Publisher reserves the right to grant or refuse permission to third parties to republish all or part of the article or translations thereof. To republish, such third parties must obtain written permission from the Publisher. (This is in accordance with the Copyright Statute, United States Code, Title 17. Exception: If all authors were bona fide officers or employees of the U.S. Government at the time the paper was prepared, the work is a “work of the US Government” (prepared by an officer or employee of the US Government as part of official duties), and therefore is not subject to US copyright; such exception should be indicated on signature lines. If this work was prepared under US Government contract or grant, the US Government may reproduce, royalty-free, all or portions of this work and may authorize others to do so, for official US Government purposes only, if the US Government contract or grant so requires.
I have participated in the conception and design of this work and in the writing of the manuscript and take public responsibility for it. Neither this manuscript nor one with substantially similar content under my authorship has been published, has been submitted for publication elsewhere, or will be submitted for publication elsewhere while under consideration by The Heart Surgery Forum, except as described in an attachment. I have reviewed this manuscript (original version) and approve its submission. If I am listed above as corresponding author, I will provide all authors with information regarding this manuscript and will obtain their approval before submitting any revision. I attest to the validity, accuracy, and legitimacy of the content of the manuscript and understand that Publisher assumes no responsibility for the validity, accuracy, and legitimacy of its content. I warrant that this manuscript is original with me and that I have full power to make this Agreement. I warrant that it contains no matter that is libelous or otherwise unlawful or that invades individual privacy or infringes any copyright or other proprietary right. I agree to indemnify and hold Publisher harmless of and from any claim made against Publisher that relates to or arises out of the publication of the manuscript and agree that this indemnification shall include payment of all costs and expenses relating to the defense of any such claim, including all reasonable attorney’s fees.
I warrant that I have no financial interest in the drugs, devices, or procedures described in the manuscript (except as disclosed in the attached statement).

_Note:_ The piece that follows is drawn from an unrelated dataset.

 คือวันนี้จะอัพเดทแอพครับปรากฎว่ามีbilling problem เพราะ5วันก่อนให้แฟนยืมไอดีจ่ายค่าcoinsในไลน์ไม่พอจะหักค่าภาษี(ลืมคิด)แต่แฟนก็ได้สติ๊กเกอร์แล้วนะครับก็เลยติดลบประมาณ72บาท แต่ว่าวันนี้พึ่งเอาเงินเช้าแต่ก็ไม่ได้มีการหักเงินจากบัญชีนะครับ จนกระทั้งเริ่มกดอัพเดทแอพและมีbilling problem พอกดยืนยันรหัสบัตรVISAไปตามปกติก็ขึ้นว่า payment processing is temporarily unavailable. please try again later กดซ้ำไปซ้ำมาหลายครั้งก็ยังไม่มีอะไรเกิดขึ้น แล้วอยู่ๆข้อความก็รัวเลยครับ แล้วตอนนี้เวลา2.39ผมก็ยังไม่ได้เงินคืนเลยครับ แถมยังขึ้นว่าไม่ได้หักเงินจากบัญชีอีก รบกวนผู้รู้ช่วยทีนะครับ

I state that the institutional Human Subjects Committee and/or the Ethics Committee approved the clinical protocol reported in this manuscript for the use of experimental techniques, drugs, or devices in human subjects and appropriate informed consent documents were utilized.

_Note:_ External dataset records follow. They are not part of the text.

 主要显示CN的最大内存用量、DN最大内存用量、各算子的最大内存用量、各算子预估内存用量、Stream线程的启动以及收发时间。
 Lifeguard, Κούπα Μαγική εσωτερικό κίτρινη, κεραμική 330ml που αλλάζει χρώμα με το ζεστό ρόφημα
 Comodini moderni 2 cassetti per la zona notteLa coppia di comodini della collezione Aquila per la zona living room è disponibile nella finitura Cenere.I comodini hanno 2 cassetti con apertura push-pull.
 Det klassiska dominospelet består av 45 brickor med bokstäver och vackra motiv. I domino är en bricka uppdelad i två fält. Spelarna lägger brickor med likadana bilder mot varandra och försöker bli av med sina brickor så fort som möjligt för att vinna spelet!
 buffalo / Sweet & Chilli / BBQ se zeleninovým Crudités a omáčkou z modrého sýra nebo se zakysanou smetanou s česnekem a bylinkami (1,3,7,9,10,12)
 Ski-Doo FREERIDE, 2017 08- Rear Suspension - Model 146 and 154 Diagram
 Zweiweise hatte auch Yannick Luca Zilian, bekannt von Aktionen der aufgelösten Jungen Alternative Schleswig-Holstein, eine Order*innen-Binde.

Furthermore, I state that any and all animals used for experimental purposes received humane care in USDA registered facilities in compliance with the “Principles of Laboratory Animal Care” formulated by the National Society for Medical Research and the “Guide for the Care and Use of Laboratory Animals” prepared by the Institute of Laboratory Animal Resources and published by the National Institutes of Health (NIH Publication No. 85-23, revised 1985).